Выбрать главу

В одном из домов — всего через несколько дверей — находилась женщина, хорошо известная полиции или, скорее, пользующаяся у нее дурной славой по той причине, что пыталась несколько раз утопиться. Я пожелал увидеть ее, и инспектор отвел меня в дом, где она жила. Содержательницей дома была ирландка, величайшая лицемерка из всех встреченных мною. Она чрезвычайно любезно держалась с инспектором, который однажды признал ее виновной в том, что она позволила трем женщинам спать в одной кровати, и оштрафовал ее на пять фунтов. Все это, как сказала она нам с самой занудной обстоятельностью, клянясь «Всемогущим Господом, сидящим на своем престоле», она сделала из милости, или пусть у нее отсохнет язык. «Эти девушки, — сказала она, — приходят ко мне ночью и клянутся (а я знаю: они правду говорят), что им негде приклонить голову. А ведь и у лис есть свои норы, и у птиц гнезда, и это стыд и позор, что они лучше устроены в жизни, чем христиане во плоти и крови. И однажды ночью я впустила двух девушек; а так как не было ни одной свободной кровати, я их всех устроила на одной. Пришли полицейские и оштрафовали меня на пять фунтов, которые я заняла у миссис Вильсон, которая живет по соседству. Пять золотых соверенов — чтоб я так жила! — и они взяли их все. Их я выплачивала по два шиллинга в неделю, и теперь я не должна ни единой душе и медного фартинга. Это так же истинно, как святость Иисуса, не говоря уж о его благословенном Евангелии». Женщиной, к которой мы пришли, была китаянка Эмма, или, как обращались к ней близкие подруги, Чейни-Эмм. Эта женщина, невысокого роста, довольно толстая, с совершенно невыразительным бледным лицом и светлыми волосами, имела такой вид, будто у нее отсутствуют всякие мысли, но ее ответы на мои вопросы были вразумительными и указывали на то, что она от природы медлительна и глуповата.

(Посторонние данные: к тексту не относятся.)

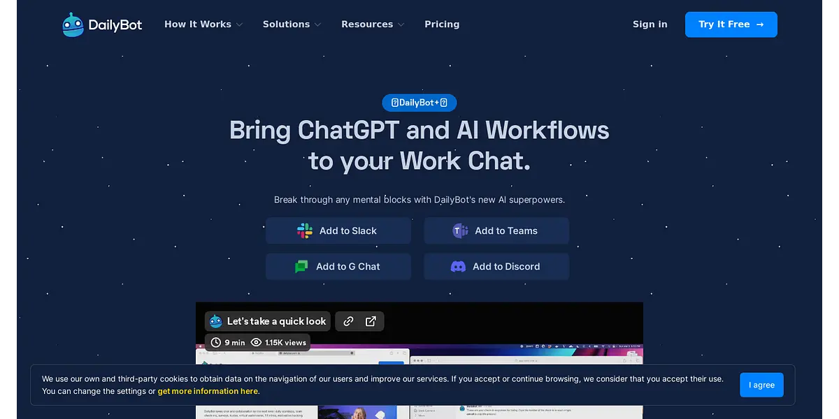 And the best part about DailyBot+ is that it's easy to use and integrate with your favorite work apps. You can add DailyBot+ to Slack, Teams, G Chat, and Discord, and start enjoying its benefits right away.
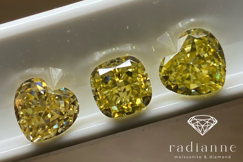 一言にイエローモアッサナイトと言っても、その範疇の色味は様々。
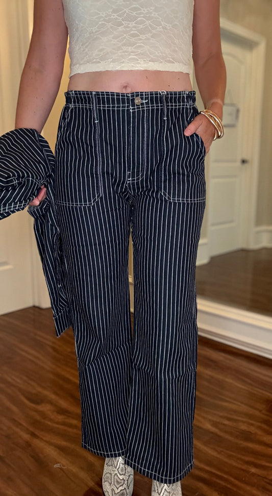 STRIPED DENIM STRAIGHT LEG JEANS 8.5
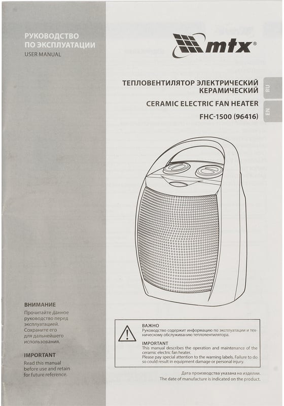💳 Оплатить за товар можно при получении 🇰🇿 Есть бесплатная доставка по Казахстану от 1 дня 🎁 Копите бонусы с каждой покупки Тепловентилятор MTX FHC-1500 96416 работает в одном из трех режимов работы: вентиляция без нагрева, нагрев на мощности 750 Вт и 1500 Вт. Используется для обогрева комнат площадью до 20 кв. м на даче или в квартире. Тепловентилятор поддерживает необходимую температуру в холодную погоду и обеспечивает вентиляцию помещения в жару. Благодаря керамическому нагревательному элементу устройство не сжигает пыль, не выделяет вредных веществ и не сушит воздух, а также отличается повышенной пожаробезопасностью. |
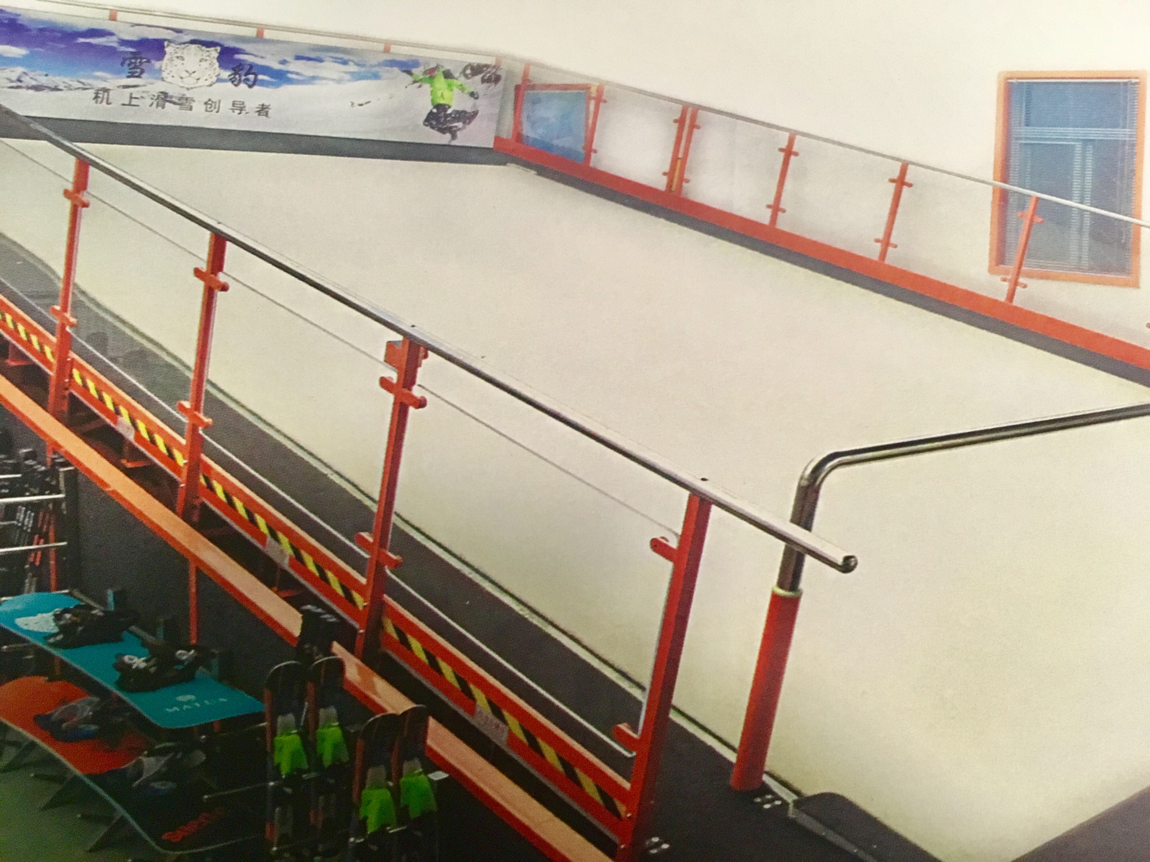 其實(shí)這是一款智能設(shè)備,在一定大的室內(nèi)空間中就可以實(shí)現(xiàn)滑雪教學(xué)。雪毯像跑步機(jī)的傳送帶一樣可以滾動起來,坡度、速度都可以根據(jù)教學(xué)情況進(jìn)行調(diào)節(jié)。
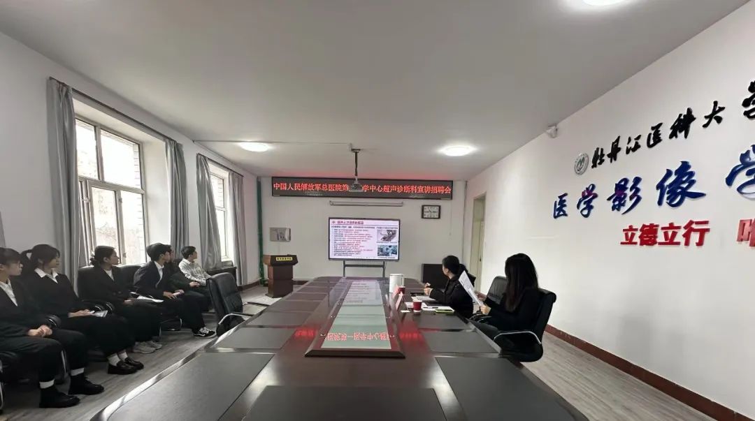 为进一步加强实习就业一体化建设,助力毕业生实现高质量就业。2025年03月25日,医学影像学院邀请中国人民解放军总医院第一医学中心超声诊断科到校召开实习就业专场宣讲招聘会,医学影像学院副处级辅导员宋海南、实习就业科负责人赵春阳、辅导员李英翰以及相关专业学生参加了本次会议。

«Мои родители, — сказала она, — содержали бакалейную лавку на Госвел-стрит. Мама умерла, когда мне было двенадцать лет, а отец начал пить. Через три года он пропил магазин и через некоторое время умер то ли от пьянства, то ли еще от чего. Я стала жить с сестрой, у нее были дурные наклонности, и через год она убежала с каким-то мужчиной и бросила меня. Я не могла получить никакую работу, меня никогда не учили никакой профессии или чему-то такому. Однажды я познакомилась с моряком, который был очень добр ко мне. Я жила с ним, как его жена, и, когда он ушел в плавание, взяла половину его жалованья. Я была с ним шесть лет. Потом он умер от желтой лихорадки в Вест-Индии, и я больше ничего о нем не слышала. Я знаю, что он не бросил меня, потому что один из его друзей привез мне серебряную табакерку, в которой он держал свой жевательный табак. Ее он просил передать мне, когда был при смерти. Потом я некоторое время жила в Энджел-Гарденз, затем на Грэвел-Лейн. А сейчас я живу на Блугейт-Филдз. Когда я переехала сюда, я познакомилась с китайцем по имени Апо. Сейчас он за границей, но посылает мне деньги. Вот только на днях я получила от него два фунта. Он часто присылает мне деньги. Когда он был здесь в последний раз, мы жили в меблированных комнатах Грегори. Я жила на Виктория-плейс и в Нью-Корт, все это в Блугейте. Апо обращался со мной плохо только тогда, когда я напивалась. Я всегда напиваюсь, когда у меня есть такая возможность. Апо обычно связывал мне руки и ноги и выносил на улицу. Там он бросал меня в придорожную канаву и лил на меня воду ведрами до тех пор, пока я не промокала насквозь. Но это не помогало. Не думаю, что есть какое-нибудь средство. Я умру за выпивку. Я должна ее получать, и мне все равно, что делать, чтобы ее получить. Я много раз пыталась себя убить. Временами у меня бывают приступы — приступы меланхолии, и я не знаю, что мне с собой сделать. Мне хочется умереть, и я бегу к воде и бросаюсь в нее. Но мне не везет, никогда не везло с детства — ах как не везло. Меня всегда спасали. Однажды я выпрыгнула в реку из окна на втором этаже на Ямайка-плейс, но проплывавший мимо лодочник выловил меня, и судья дал мне месяц отсидки. Тутошняя хозяйка (она назвала имя женщины, которая содержала это заведение) хочет, чтобы я отправилась в какой-нибудь приют, или на родину, или куда-нибудь в этом роде. Может, я так и сделаю».